---- Data block

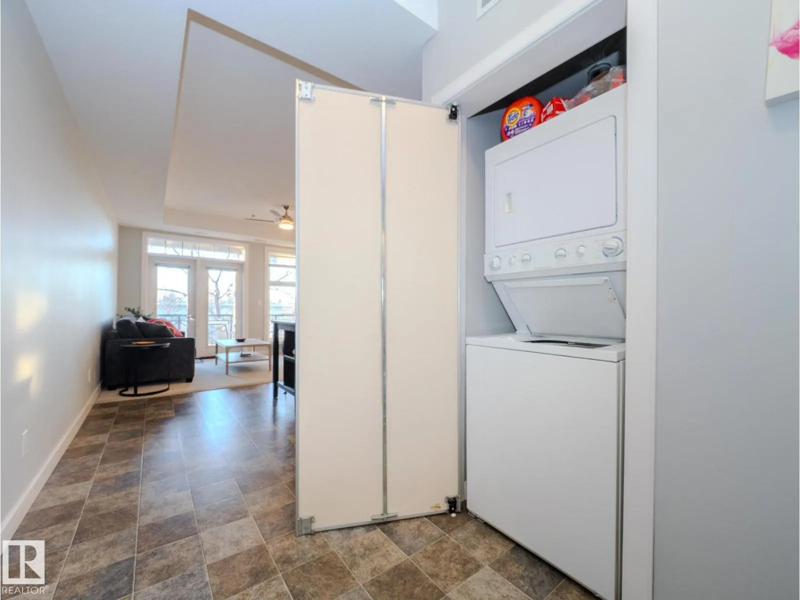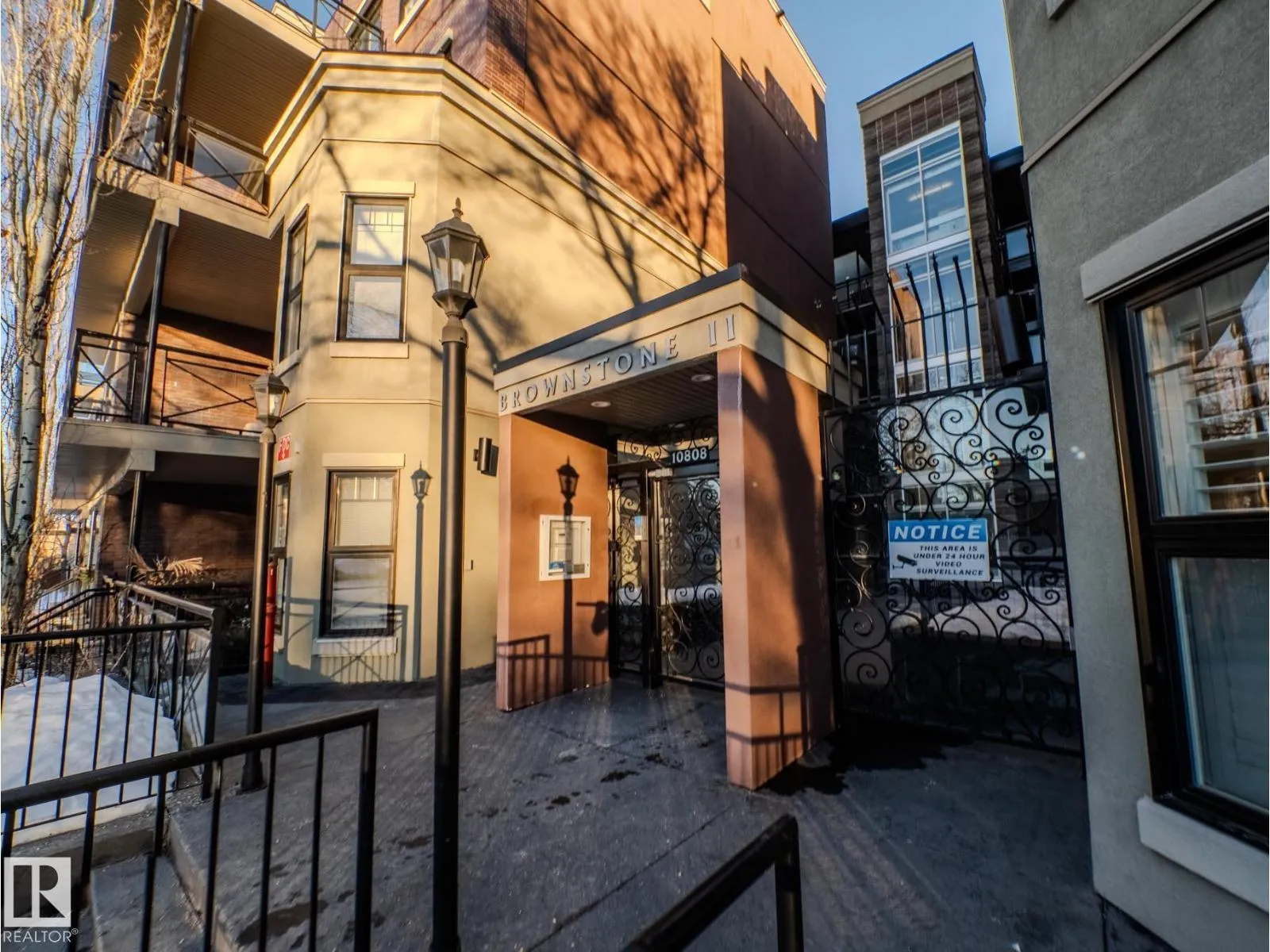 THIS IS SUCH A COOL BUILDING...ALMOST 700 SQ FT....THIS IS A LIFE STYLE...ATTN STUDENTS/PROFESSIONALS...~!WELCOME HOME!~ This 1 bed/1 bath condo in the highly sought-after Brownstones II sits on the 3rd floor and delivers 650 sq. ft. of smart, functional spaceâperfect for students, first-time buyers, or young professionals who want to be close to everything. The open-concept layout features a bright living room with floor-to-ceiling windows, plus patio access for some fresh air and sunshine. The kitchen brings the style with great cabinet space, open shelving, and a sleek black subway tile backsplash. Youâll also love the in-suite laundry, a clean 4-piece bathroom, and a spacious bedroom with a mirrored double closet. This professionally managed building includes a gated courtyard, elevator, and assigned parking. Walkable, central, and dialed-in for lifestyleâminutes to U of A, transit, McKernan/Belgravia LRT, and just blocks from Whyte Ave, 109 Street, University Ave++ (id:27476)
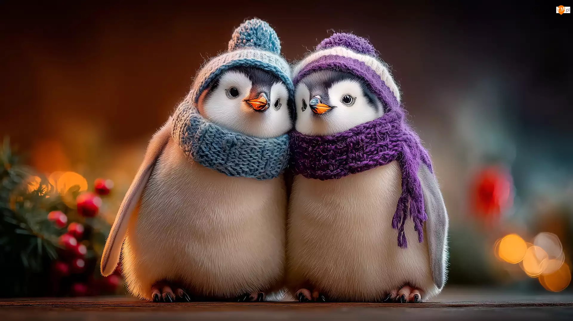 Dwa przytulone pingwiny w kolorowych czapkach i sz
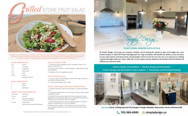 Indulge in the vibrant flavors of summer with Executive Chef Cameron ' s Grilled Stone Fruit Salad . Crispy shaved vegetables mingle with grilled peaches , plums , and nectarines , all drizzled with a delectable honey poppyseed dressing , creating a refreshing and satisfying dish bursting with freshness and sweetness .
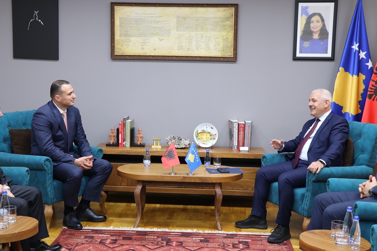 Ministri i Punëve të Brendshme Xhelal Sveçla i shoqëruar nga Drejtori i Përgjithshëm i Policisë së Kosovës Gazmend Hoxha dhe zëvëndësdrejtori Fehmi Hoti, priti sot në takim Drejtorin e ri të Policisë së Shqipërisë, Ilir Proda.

--------

(Your objective) Leave out the images and write out the listing above exactly.

(Exercise response)
 THIS IS SUCH A COOL BUILDING...ALMOST 700 SQ FT....THIS IS A LIFE STYLE...ATTN STUDENTS/PROFESSIONALS...~!WELCOME HOME!~ This 1 bed/1 bath condo in the highly sought-after Brownstones II sits on the 3rd floor and delivers 650 sq. ft. of smart, functional spaceâperfect for students, first-time buyers, or young professionals who want to be close to everything. The open-concept layout features a bright living room with floor-to-ceiling windows, plus patio access for some fresh air and sunshine. The kitchen brings the style with great cabinet space, open shelving, and a sleek black subway tile backsplash. Youâll also love the in-suite laundry, a clean 4-piece bathroom, and a spacious bedroom with a mirrored double closet. This professionally managed building includes a gated courtyard, elevator, and assigned parking. Walkable, central, and dialed-in for lifestyleâminutes to U of A, transit, McKernan/Belgravia LRT, and just blocks from Whyte Ave, 109 Street, University Ave++ (id:27476)
 Dwa przytulone pingwiny w kolorowych czapkach i sz
 Indulge in the vibrant flavors of summer with Executive Chef Cameron ' s Grilled Stone Fruit Salad . Crispy shaved vegetables mingle with grilled peaches , plums , and nectarines , all drizzled with a delectable honey poppyseed dressing , creating a refreshing and satisfying dish bursting with freshness and sweetness .
 Ministri i Punëve të Brendshme Xhelal Sveçla i shoqëruar nga Drejtori i Përgjithshëm i Policisë së Kosovës Gazmend Hoxha dhe zëvëndësdrejtori Fehmi Hoti, priti sot në takim Drejtorin e ri të Policisë së Shqipërisë, Ilir Proda.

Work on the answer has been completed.